Com “Paixão dos Fortes” (My Darling
Clementine), John Ford filmou mais um capítulo da sua magnífica ‘Americana’,
obra cinematográfica que imortalizou a formação dos Estados Unidos distante dos
centros urbanos. Singela obra-prima do gênero western, “Paixão dos Fortes” não
chegou a ser uma unanimidade e o produtor Hall B. Wallis era um dos que
criticavam esse filme. Wallis chamou o filme de Ford de “Excessivamente romântico, fantasioso e muito longe da verdade dos
fatos”. Muito franco e sem rodeios, o diretor John Sturges ignorando
qualquer ética disse que “Paixão dos Fortes” “...era uma merda e mesmo John Ford sendo um tremendo diretor, seu filme
não tem nada a ver com Wyatt Earp e com o que se passou no OK Corral”. Pois
Wallis e Sturges se reuniram para fazer um filme recontando os fatos sobre o
tiroteio no Curral OK, em Tombstone. Era de se esperar então um faroeste
revisionista que fosse fiel aos acontecimentos ocorridos naquela tarde de 26 de
outubro de 1881. E mais que isso, era de se esperar também que o faroeste ao
qual deram o atrativo título de “Gunfight at the OK Corral” (Sem Lei e Sem
Alma) fosse o filme definitivo sobre o confronto entre os Earps e Doc Holiday
contra alguns Clantons e outros McLoweries. Wallis e Sturges não conseguiram
nem uma coisa nem outra.
|
Kirk Douglas e Burt Lancaster |
A lei
e a ordem em Tombstone - A história de “Sem Lei e Sem Alma”,
inspirada em artigo de George Scullin e roteirizada por Leon Uris começa com o
delegado Wyatt Earp (Burt Lancaster), de passagem por Fort Griffin. Earp está
em busca de informações sobre o bando chefiado por Ike Clanton (Lyle Bettger)

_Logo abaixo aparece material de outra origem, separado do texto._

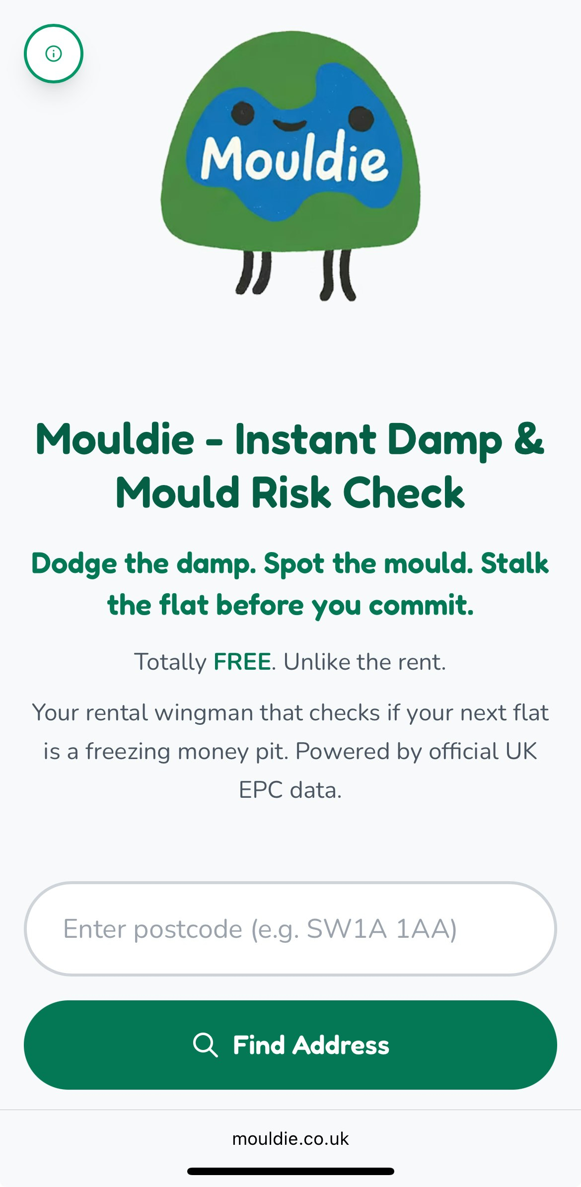 Descrição da ferramenta: Mouldie é uma ferramenta gratuita que avalia o risco de umidade e mofo em imóveis, utilizando dados oficiais para ajudar inquilinos a evitar casas insalubres, com altos custos de aquecimento ou problemas de isolamento.

mas acaba ajudando o dentista Doc Holiday (Kirk Douglas), transformado em
jogador, a se livrar de um possível linchamento e fugir de Fort Griffin. Earp e
Doc se reencontram em Dodge City, onde Earp é o responsável pela manutenção da
lei e da ordem. Em Dodge City é a vez de Doc ajudar Earp a enfrentar um bando
de foras-da-lei. A amizade entre os dois aumenta e quando Wyatt Earp é chamado
por seu irmão Virgil (John Hudson), Marshal de Tombstone, para ajudá-lo a enfrentar
o bando dos Clantons, Doc Holliday se junta a Earp e a seus irmãos Virgil e
Morgan (DeForest Kelley). No confronto entre os dois grupos são mortos os
Clantons, os irmãos McLowery e ainda Johnny Ringo (John Ireland) membro da
gang de Ike Clanton. Ao final Wyatt Earp segue seu destino como
delegado federal, separando-se do amigo Doc Holliday.
|
Kirk Douglas e Jo Van Fleet (acima); Burt Lancaster e Rhonda Fleming |
Decepções
amorosas de Doc e Wyatt - O início de “Sem Lei e Sem Alma” faz
lembrar o começo de “Matar ou Morrer”, com três bandidos chegando a uma cidade
ao som de uma canção que serve de intróito ao filme. Um desses bandidos,
inclusive, é o mesmo traiçoeiro Lee Van Cleef que é morto por Doc Holliday,
pistoleiro habilidoso também com as facas. Uma delas Doc crava no peito de Ed
Bailey (Lee Van Cleef), momento culminante da excelente meia hora
inicial do western de John Sturges. Doc e Wyatt já se conhecem pois o dentista
havia extraído um dente do marshal dez anos antes. Nesse tempo Wyatt Earp “...era louco e irresponsável”, como
lembrou John Shanssey (George Mathews), o dono do saloon de Fort Griffin.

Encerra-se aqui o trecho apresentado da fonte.